PROVIDED INFORMATION:

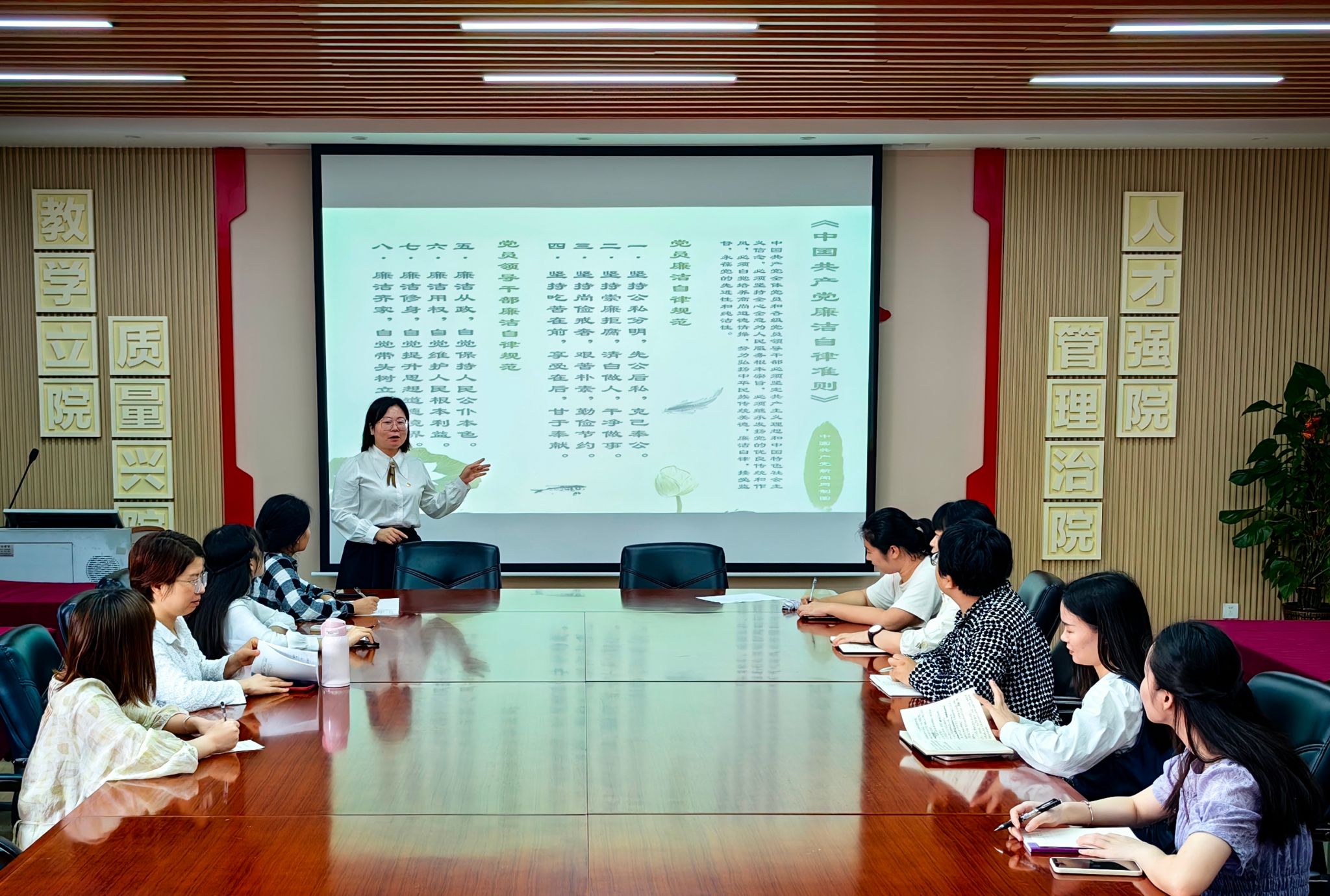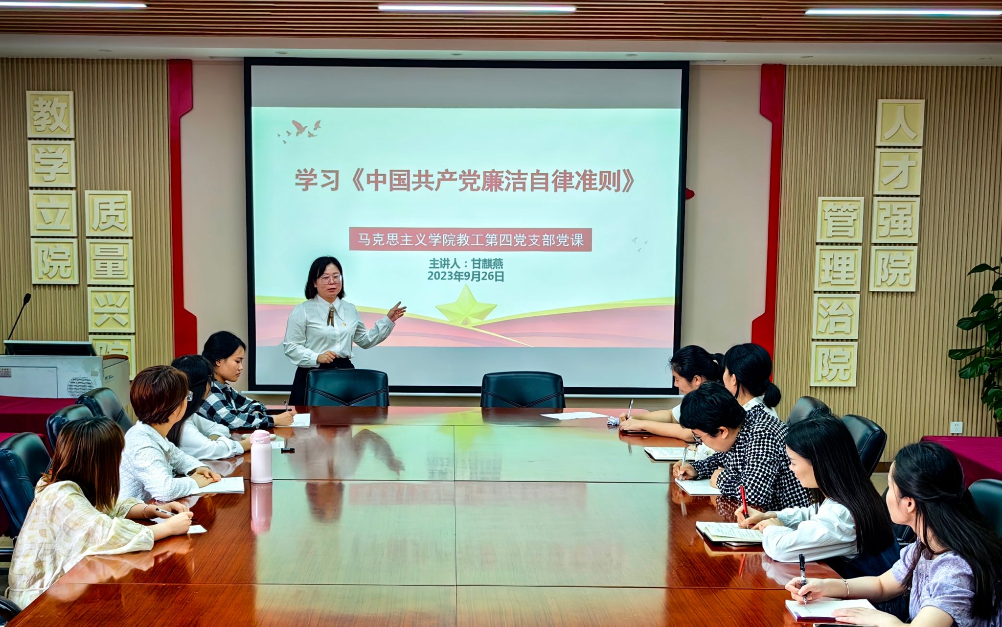 马克思主义学院9月27日讯(图/韦益春 文/陆迪琴) 为进一步提高党员教师的党性修养,增强组织纪律观念,铸牢党员思想防线,9月26日下午,马克思主义学院教工第四党支部在3教703会议室集中学习《中国共产党廉洁自律准则》(以下简称《准则》)。
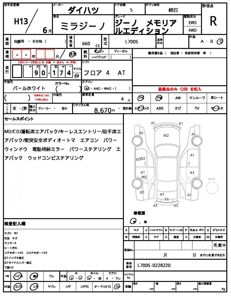 | Registration Date | 2001/06 | Chassis Number | L700S-0228220 |
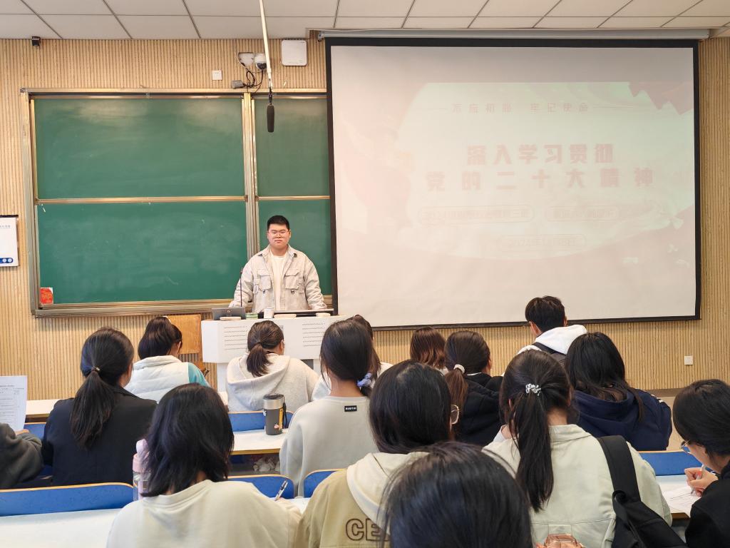为深入学习和全面贯彻党的二十大精神,进一步统一思想、凝聚力量,11月6日下午,太阳集团tyc59972024级思想政治教育三班举办了以“深入学习党的二十大精神”为主题的团课活动。本次团课由团支书杨迎滨主持。
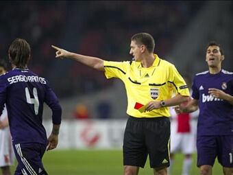 Dos exageradas pérdidas de tiempo terminaron con Xabi Alonso y Sergio Ramos expulsados en el tramo final del partido de la Liga de Campeones disputado en el Amsterdam Arena, pero con la posibilidad de llegar desahogados de tarjetas a las eliminatorias de octavos de final
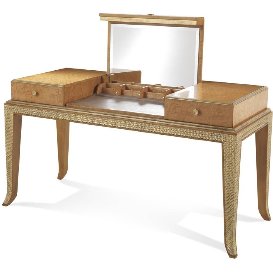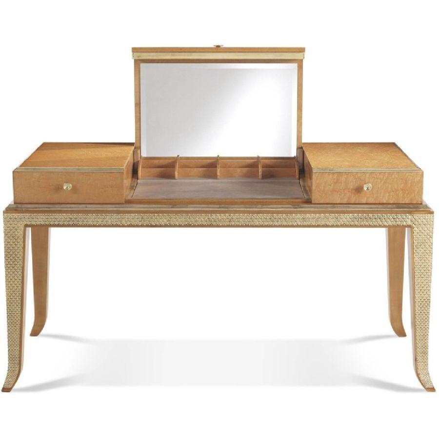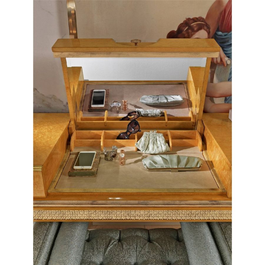 Pleasure is a line of furnishings with linear and essential shapes, characterized by an elegant and refined charm. The dressing table of the collection, in deco style, features a structure in maple with glossy finishing, details with antique gold finishing and marble top. The central compartment with mirror features an inner upholstery in leather.
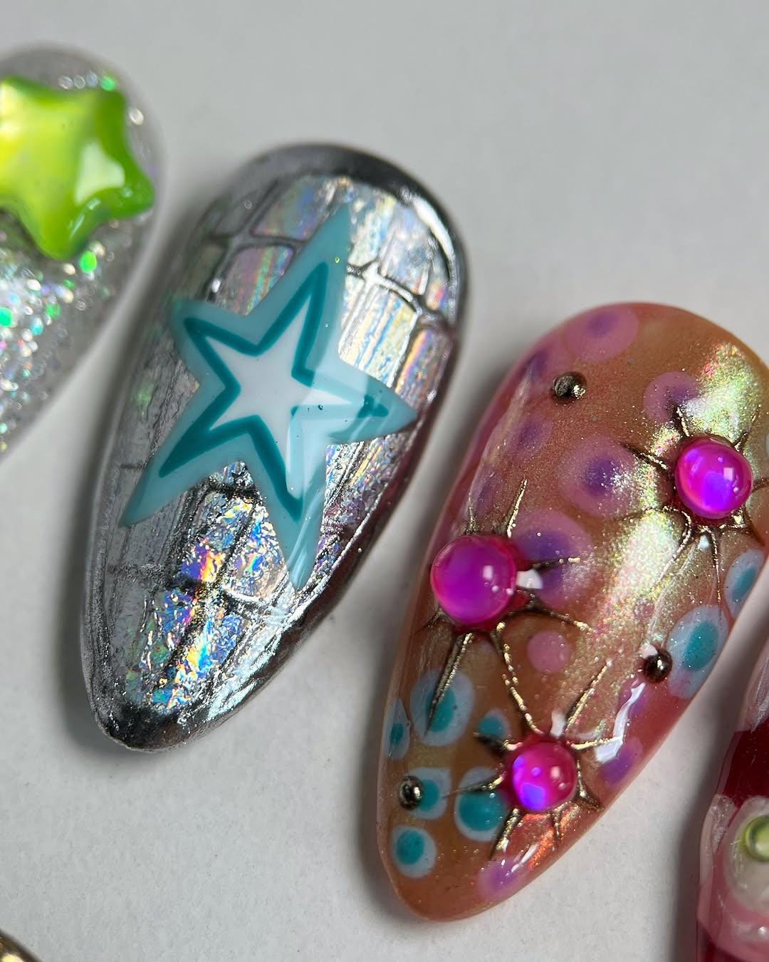 • Design Highlights: 3D sculpted stars, chrome hearts, pearls, glitter, and abstract art

DESCRIPTION OF THE TASK:
Your answer must be the exact lines from the start of the data through the line with "Dos exageradas pérdidas", inclusive, and nothing else; pictures do not belong in it.

SOLVED EXERCISE:
 马克思主义学院9月27日讯(图/韦益春 文/陆迪琴) 为进一步提高党员教师的党性修养,增强组织纪律观念,铸牢党员思想防线,9月26日下午,马克思主义学院教工第四党支部在3教703会议室集中学习《中国共产党廉洁自律准则》(以下简称《准则》)。
 | Registration Date | 2001/06 | Chassis Number | L700S-0228220 |
为深入学习和全面贯彻党的二十大精神,进一步统一思想、凝聚力量,11月6日下午,太阳集团tyc59972024级思想政治教育三班举办了以“深入学习党的二十大精神”为主题的团课活动。本次团课由团支书杨迎滨主持。
 Dos exageradas pérdidas de tiempo terminaron con Xabi Alonso y Sergio Ramos expulsados en el tramo final del partido de la Liga de Campeones disputado en el Amsterdam Arena, pero con la posibilidad de llegar desahogados de tarjetas a las eliminatorias de octavos de final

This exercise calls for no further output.